Latest opening: Wild Flor

By Joe Lutrario contact

- Last updated on GMT

Wild Flor new wine restaurant Brighton & Hove

Related tags: Brighton and hove, Wine, Chefs

Billed as a bistro, Wild Flor is a partnership between four restaurant and wine professionals already well-known within Brighton & Hove’s food and drink scene.

What:​ A wine-focused bistro on Hove’s main drag, an area that is becoming popular with independents that can’t stomach the heady rents and premiums 10 minutes or so down the road in central Brighton (other fairly recent arrivals to this stretch include Cin Cin and Fatto a Mano). Wild Flor is on the former site of Skyfall, which initially specialised in lobster and steak before relaunching with a focus on burgers. It’s fair to say neither iteration set Brighton & Hove’s restaurant scene aflame. Wild Flor is not to be confused with Flor, the upcoming Borough Market wine bar, bakery and restaurant from Lyle’s founders James Lowe and John Ogier.

Who:​ A young foursome that are well known on the city’s restaurant scene having all worked for Ben and Pamela McKellar’s Gingerman Restaurants Group. Owners James Thomson, Faye Hudson and Robert Maynard work front of house and former The Gingerman sous chef Oliver Darby oversees the kitchen as head chef.

The vibe:​ The team have retained Skyfall’s layout; a mixture of free-standing and banquette seating that backs on to a small bar area to the rear of the 36-cover restaurant. The space has been stripped back - Skyfall was a pricey fit-out with modern features - and repainted in muted hues to create a simple but attractive restaurant, with Hudson taking the lead on design. A private dining room will open upstairs within the next few months.

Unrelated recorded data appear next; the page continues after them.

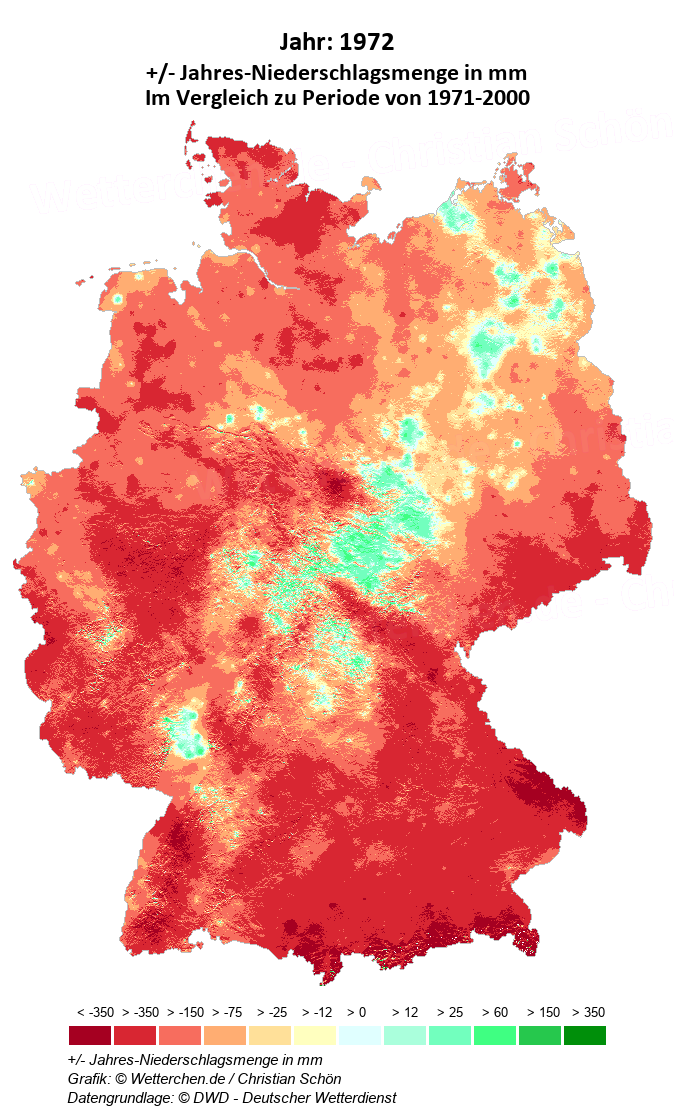 1972 - +/- Jahres-Niederschlagsmenge in mm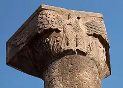 A rather extensive literature is devoted to attempts to establish the Armenian origin of various Byzantine emperors. According to the Armenian historian Leo, this "flattered the national vanity of Armenians".[29] The first Byzantine emperor about whom there is a legend regarding his Armenian origin is Maurice (r. 582–602). A number of Armenian historians of the 10th–13th centuries provide information about his Armenian origin, from Oshakan, according to Asoghik.[30] In the same locality, there is a column, according to local legend, erected in honor of the emperor's mother.[31] The analysis of these legends was conducted by N. Adontz, who supported recognizing their authenticity. Nevertheless, the majority of modern researchers recognise the perspective of Evagrius Scholasticus, who asserts that Maurice "by descent and name, originated from ancient Rome, and by his immediate ancestors, his homeland was the Cappadocian city of Aravin".[32][33] According to the authors of the Oxford Dictionary of Byzantium, this question remains unsolved.[34]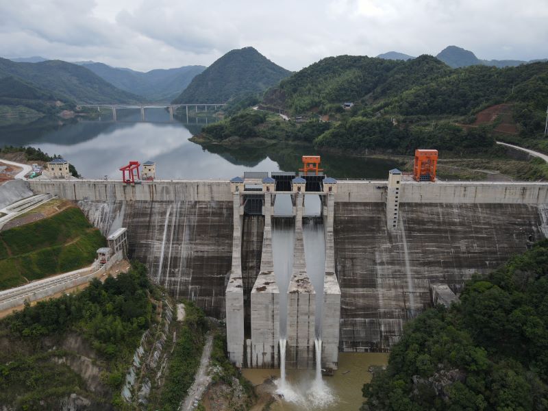 为确保度汛安全及满足生态下泄流量要求,6月6日,罗源霍口水库工程下闸蓄水后溢洪道首次开闸泄流,出库流量约21m³/s。截至目前,水库上游水位达174.1m,库容达15400万m³。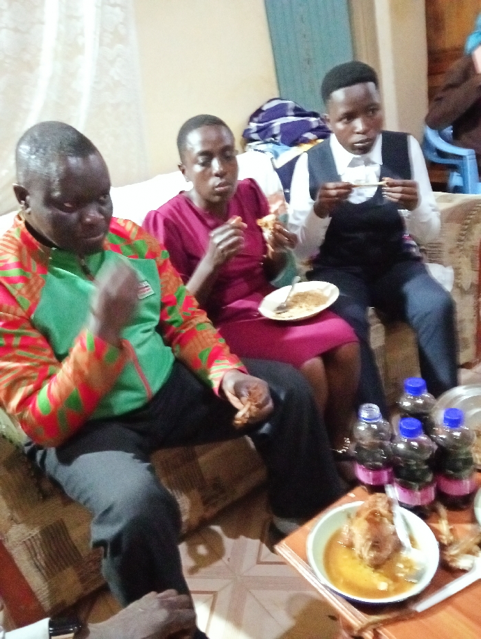 Three individuals are seated on a couch, enjoying a meal together. The person on the left wears a green and red patterned jacket, while the woman in the center is dressed in a maroon dress. The person on the right sports a white shirt and black vest. In front of them is a table with bottled drinks and a plate of food, presumably chicken in gravy. They are all actively eating, creating a scene of shared dining and socializing.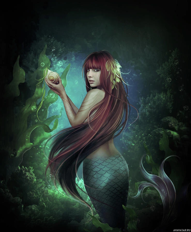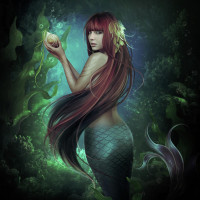 На картинке изображена русалка сзади, хвост которой виден и течет под водой. Она держит в руке жемчужину или драгоценный камень, стоя среди водных растений. Ее длинные волосы текут вниз, дополняя фэнтезийную тему произведения искусства. Помещение предполагает заколдованную или мифическую подводную среду.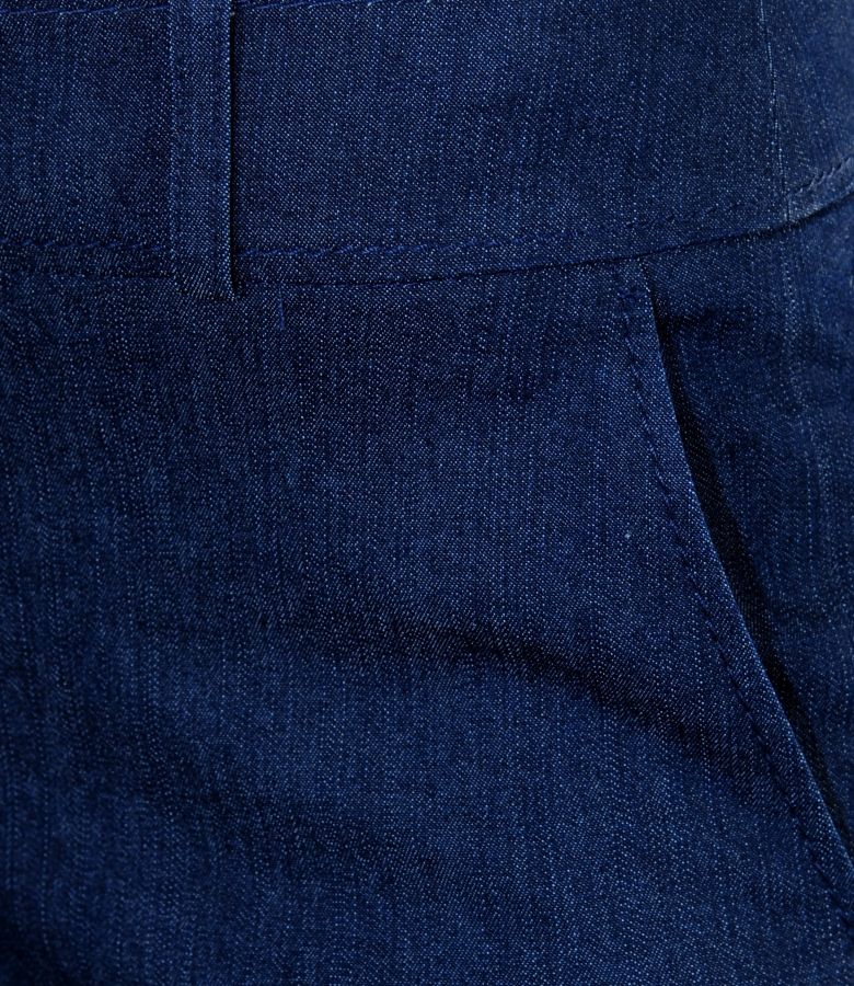 Light, dark blue stretch denim trousers, with straight line. Wide cord with waist straps and two oblique pockets. Closes with 2 hooks and normal zip on front.

The food:​ Darby’s short à la carte menu is fairly classic and chimes nicely with Wild Flor’s positioning as a relaxed yet professional bistro. The menu includes chicken and smoked rabbit terrine, parsley, mustard and girolles; veal sweetbreads and cauliflower with almond and sherry cream sauce; tranche of brill, breadcrumbs, asparagus and wild garlic hollandaise; and rhum baba, pineapple gazpacho and vanilla cream. Wild Flor’s more traditional approach stands out in a city now dominated by small plates in the middle market and short tasting menus at the higher end. Starters average out around £10 and mains cost between £15 and £18.

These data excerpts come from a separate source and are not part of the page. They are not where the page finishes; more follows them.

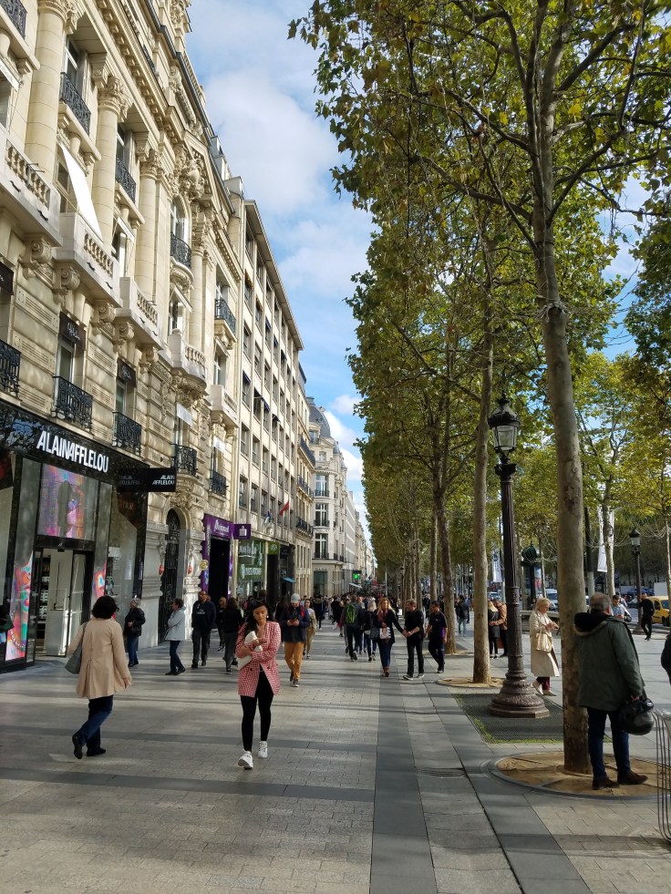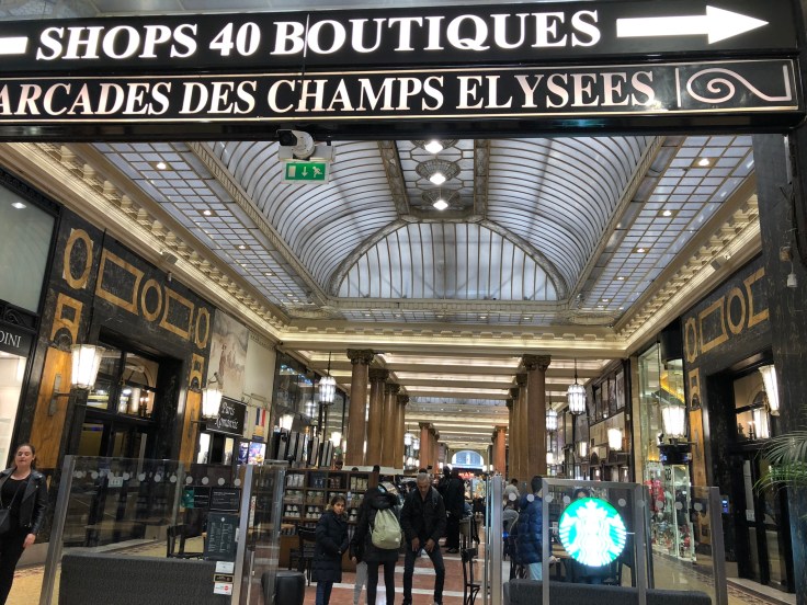 Back on street level, we crossed under the roundabout again and came out onto the Champs-Élysées. We had exactly an hour to walk the ~2 1/4 miles to the Louvre. And we made it in the nick of time. I’m not a shopper so I didn’t really feel any need to go in any stores along the Champs-Élysées, but Mom wanted to check some out. We probably picked the cheapest indoor strip mall there was, but it was an inviting entrance. I’d become used to seeing all the fancy, expensive, brand-name stores all over Italy, so this wasn’t much different. It was actually funny to see the same stores with the EXACT same window displays.
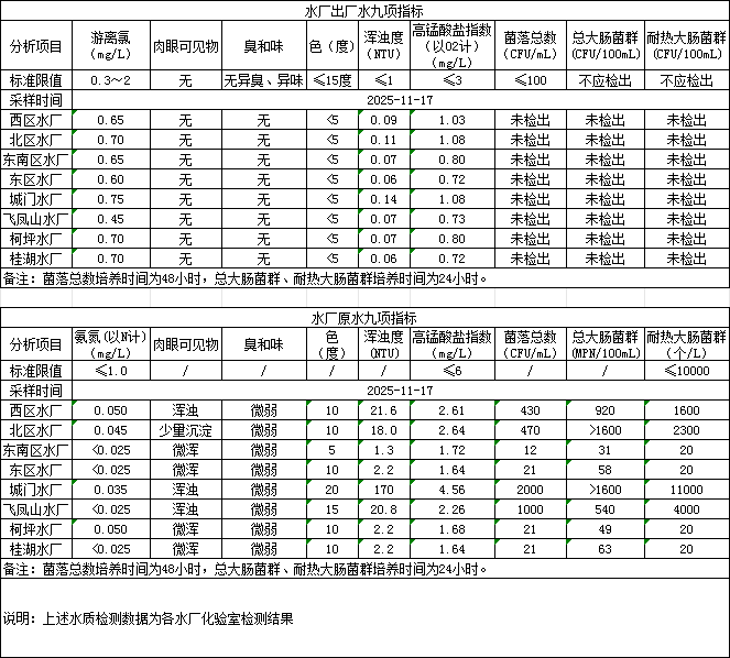 2025年11月17日供水水質信息發布
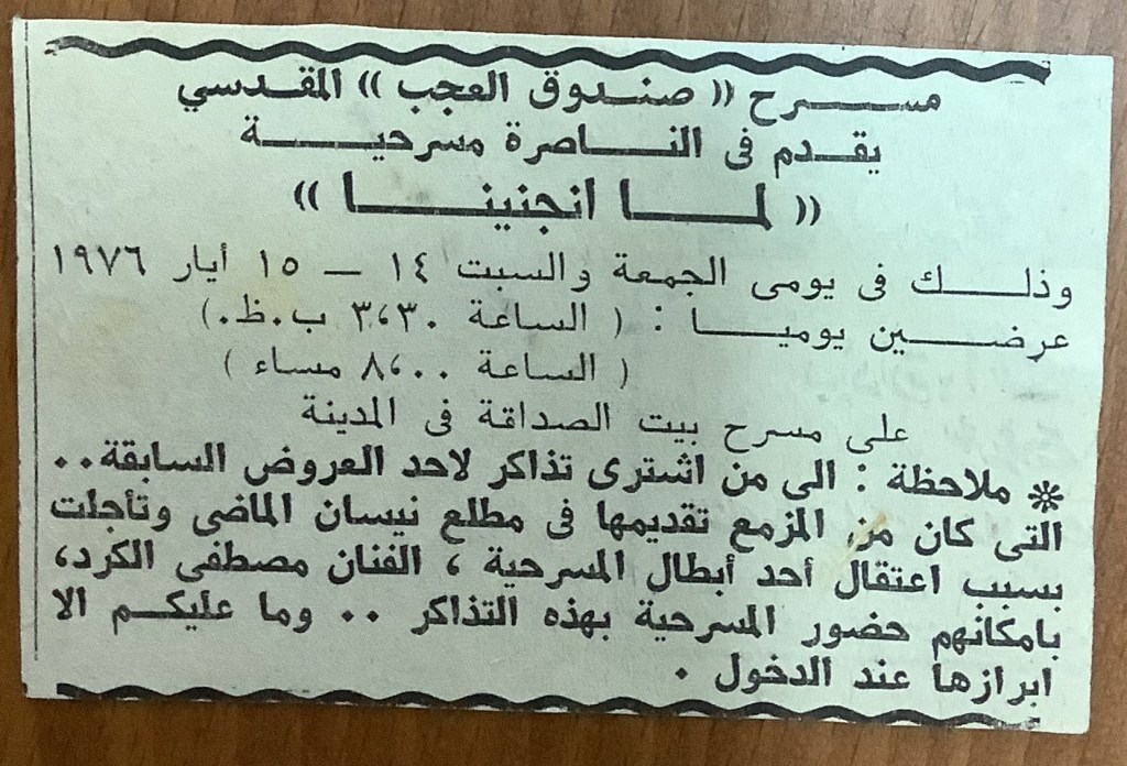 تذكرة الدخول لمسرحية “لمّا انجنينا”، 1976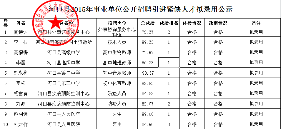 河口縣2015年事業(yè)單位公開招聘引進(jìn)緊缺人才擬錄用人員公示

To drink:​ Wild Flor may take its name from the film of yeast that gives some styles of sherry much of their character, but there’s a lot more to the wine list than that. Maynard leads the wine side of the business and has created an eclectic list that stands out from anything else on offer in the city. Much of the 120-bin list is supplied by Maynard’s nearby former employer Butler’s Wine Cellar, but he is also using several other more specialised suppliers (he has one solely for riesling, for example). Nearly all the wines have at least a few years in the bottle, with prices on more premium bottles kept in check by a cash margin policy at the mid and top-end of the list. Entry level prices are competitive, at £5 by the glass and £22 by the bottle (still wine tops out at £120 per bottle).

And another thing:​ Wild Flor certainly does takes its wine as seriously as its food (Bloomsbury’s Noble Rot was apparently a big inspiration). 2019 looks set to be a vintage year for this newish breed of specialist wine restaurants with the curiously-named Gezellig set to launch later this month in Holborn.